I defined $\pi:d(R/(e))\rightarrow R/(\frac{e}{g})$ by $\pi:dr+dce\mapsto \frac{dr+dce}{g}$. Note that even though we are not in a field, we can divide this elements by $g$ since it divides $d$ and $e$. The function is clearly a homomorphism so I need to show that it is injective and surjective.
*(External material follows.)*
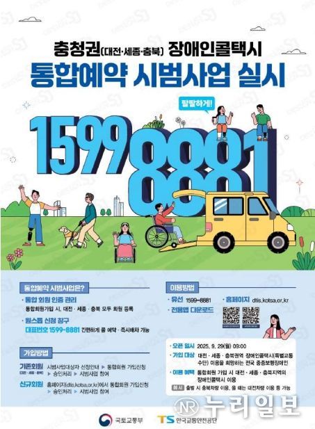(누리일보) 국토교통부와 한국교통안전공단은 중증 보행 장애인이 특별교통수단(장애인콜택시) 을 더욱 편리하게 이용할 수있도록 특별교통수단 통합예약시스템을 개발하여 9월 29일부터 대전 ‧세종 충북에서 시범운영에 들어간다.

For injectivity I basically say that if $\frac{d}{g}r+dc\frac{e}{g}\in \left(\frac{e}{g}\right)$ happens if $\frac{d}{g}r\in \left(\frac{e}{g}\right)$ This is equivalent to saying that for some $k\in R$: $\frac{d}{g}r=k\frac{e}{g}$ Thus, $dr=ke\in (e)$, ergo, $dr+dce$ is zero in $d(R/(e))$ meaning that the kernel is trivial and thus the function is injective.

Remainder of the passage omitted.